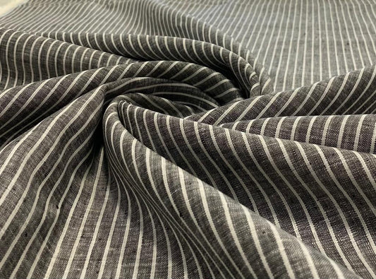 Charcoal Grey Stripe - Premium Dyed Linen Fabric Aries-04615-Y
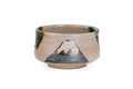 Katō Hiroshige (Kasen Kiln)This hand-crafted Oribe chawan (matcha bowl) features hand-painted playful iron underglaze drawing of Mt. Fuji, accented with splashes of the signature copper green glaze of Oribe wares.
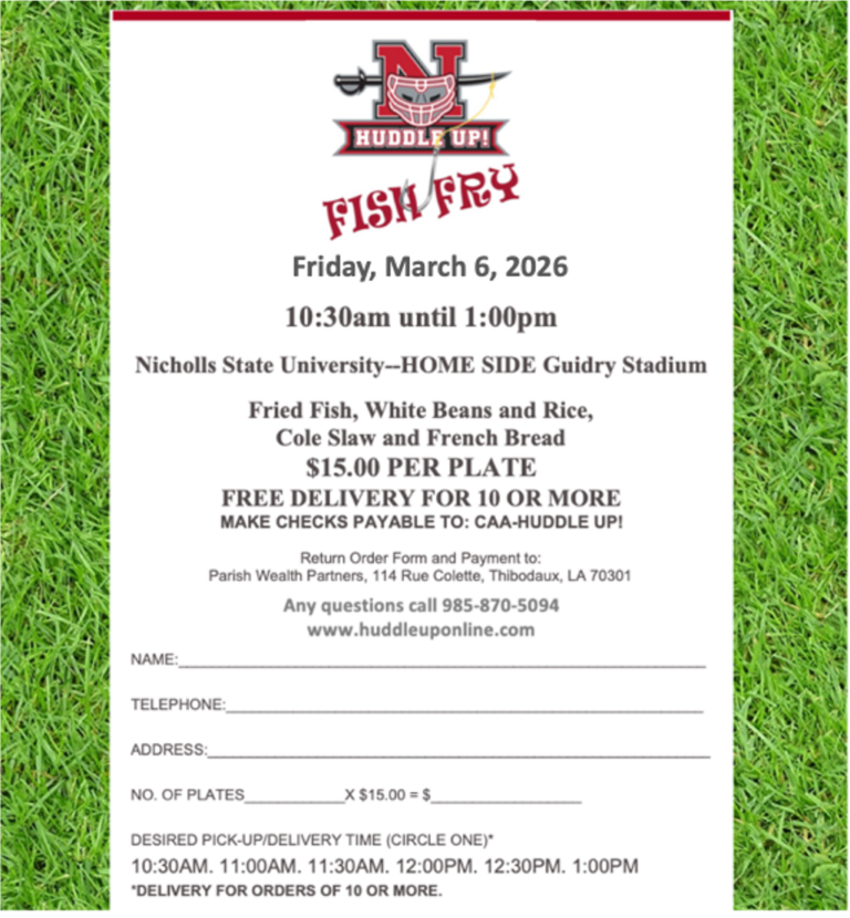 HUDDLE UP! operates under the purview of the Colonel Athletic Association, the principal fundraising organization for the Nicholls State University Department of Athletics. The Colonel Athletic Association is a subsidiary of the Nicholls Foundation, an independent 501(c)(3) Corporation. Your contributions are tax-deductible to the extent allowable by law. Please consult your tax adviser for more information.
- - -
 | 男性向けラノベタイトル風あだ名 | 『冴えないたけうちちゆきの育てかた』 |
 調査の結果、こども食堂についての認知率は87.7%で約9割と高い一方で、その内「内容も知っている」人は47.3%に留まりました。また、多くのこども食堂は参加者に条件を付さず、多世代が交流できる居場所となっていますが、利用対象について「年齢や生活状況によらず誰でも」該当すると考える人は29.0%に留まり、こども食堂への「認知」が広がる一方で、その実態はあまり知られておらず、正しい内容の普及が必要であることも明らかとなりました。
- - -
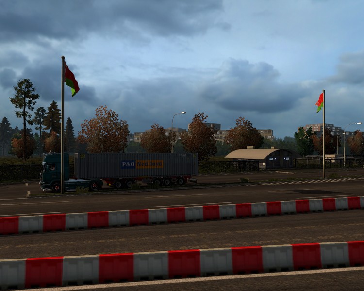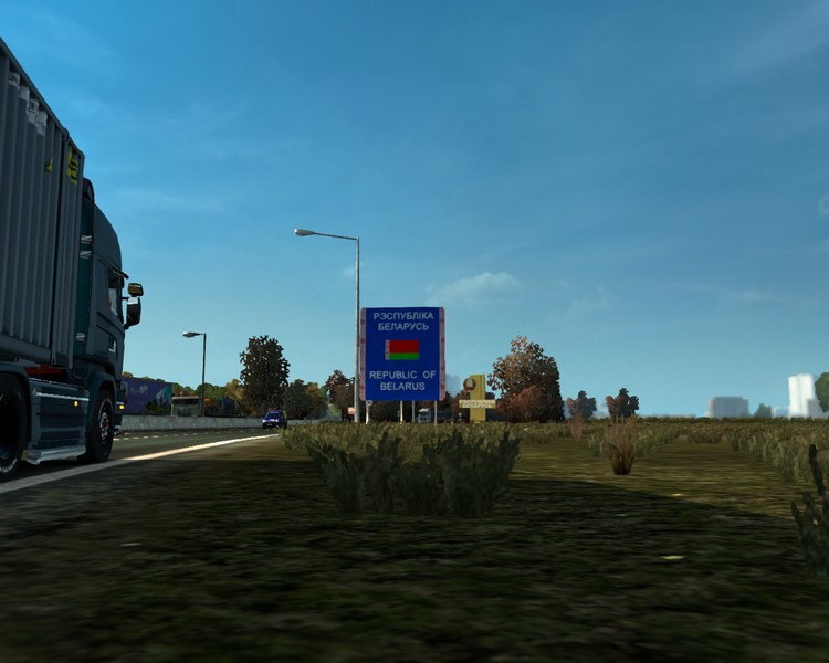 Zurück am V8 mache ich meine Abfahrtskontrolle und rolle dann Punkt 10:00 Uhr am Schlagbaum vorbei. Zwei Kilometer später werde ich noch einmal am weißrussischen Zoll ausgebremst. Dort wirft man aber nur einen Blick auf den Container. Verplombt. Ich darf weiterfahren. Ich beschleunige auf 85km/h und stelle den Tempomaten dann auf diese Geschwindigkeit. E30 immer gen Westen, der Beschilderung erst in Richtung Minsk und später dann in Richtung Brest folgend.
- - -
#### WHAT TO DO:
Please copy out from the data above, without any picture, exactly the lines running from the one that holds "Charcoal Grey Stripe" through the one that holds "HUDDLE UP! operates", and nothing beyond them.

#### REPLY:
 Charcoal Grey Stripe - Premium Dyed Linen Fabric Aries-04615-Y
 Katō Hiroshige (Kasen Kiln)This hand-crafted Oribe chawan (matcha bowl) features hand-painted playful iron underglaze drawing of Mt. Fuji, accented with splashes of the signature copper green glaze of Oribe wares.
 HUDDLE UP! operates under the purview of the Colonel Athletic Association, the principal fundraising organization for the Nicholls State University Department of Athletics. The Colonel Athletic Association is a subsidiary of the Nicholls Foundation, an independent 501(c)(3) Corporation. Your contributions are tax-deductible to the extent allowable by law. Please consult your tax adviser for more information.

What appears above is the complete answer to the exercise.